* [Task details]:
Look below for the line containing "Rainbow stripe chunky"; from there, print each line exactly up to and including the line containing "Этот маникюр оценят", and stop.

* [Dataset extract]:
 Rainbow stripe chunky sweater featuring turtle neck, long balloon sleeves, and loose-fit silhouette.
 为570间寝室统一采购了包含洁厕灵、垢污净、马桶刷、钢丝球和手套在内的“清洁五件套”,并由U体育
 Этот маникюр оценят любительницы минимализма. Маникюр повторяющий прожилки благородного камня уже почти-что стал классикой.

* * *

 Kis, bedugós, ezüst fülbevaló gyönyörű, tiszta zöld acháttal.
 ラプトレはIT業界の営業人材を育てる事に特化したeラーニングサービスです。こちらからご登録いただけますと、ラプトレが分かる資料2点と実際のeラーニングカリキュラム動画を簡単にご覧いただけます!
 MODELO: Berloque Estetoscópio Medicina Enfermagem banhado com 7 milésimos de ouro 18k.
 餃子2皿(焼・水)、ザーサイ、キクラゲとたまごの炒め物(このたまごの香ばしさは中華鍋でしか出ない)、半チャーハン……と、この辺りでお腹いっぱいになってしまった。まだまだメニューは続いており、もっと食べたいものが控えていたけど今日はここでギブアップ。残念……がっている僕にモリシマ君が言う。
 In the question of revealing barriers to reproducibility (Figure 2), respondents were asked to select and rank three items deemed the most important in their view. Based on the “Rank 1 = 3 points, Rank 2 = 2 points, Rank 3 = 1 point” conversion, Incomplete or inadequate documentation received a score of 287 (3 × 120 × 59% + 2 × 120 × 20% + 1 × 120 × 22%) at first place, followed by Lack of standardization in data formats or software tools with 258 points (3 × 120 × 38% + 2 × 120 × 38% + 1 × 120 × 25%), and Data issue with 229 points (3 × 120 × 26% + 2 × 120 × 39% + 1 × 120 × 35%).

* [Finished task]:
 Rainbow stripe chunky sweater featuring turtle neck, long balloon sleeves, and loose-fit silhouette.
 为570间寝室统一采购了包含洁厕灵、垢污净、马桶刷、钢丝球和手套在内的“清洁五件套”,并由U体育
 Этот маникюр оценят любительницы минимализма. Маникюр повторяющий прожилки благородного камня уже почти-что стал классикой.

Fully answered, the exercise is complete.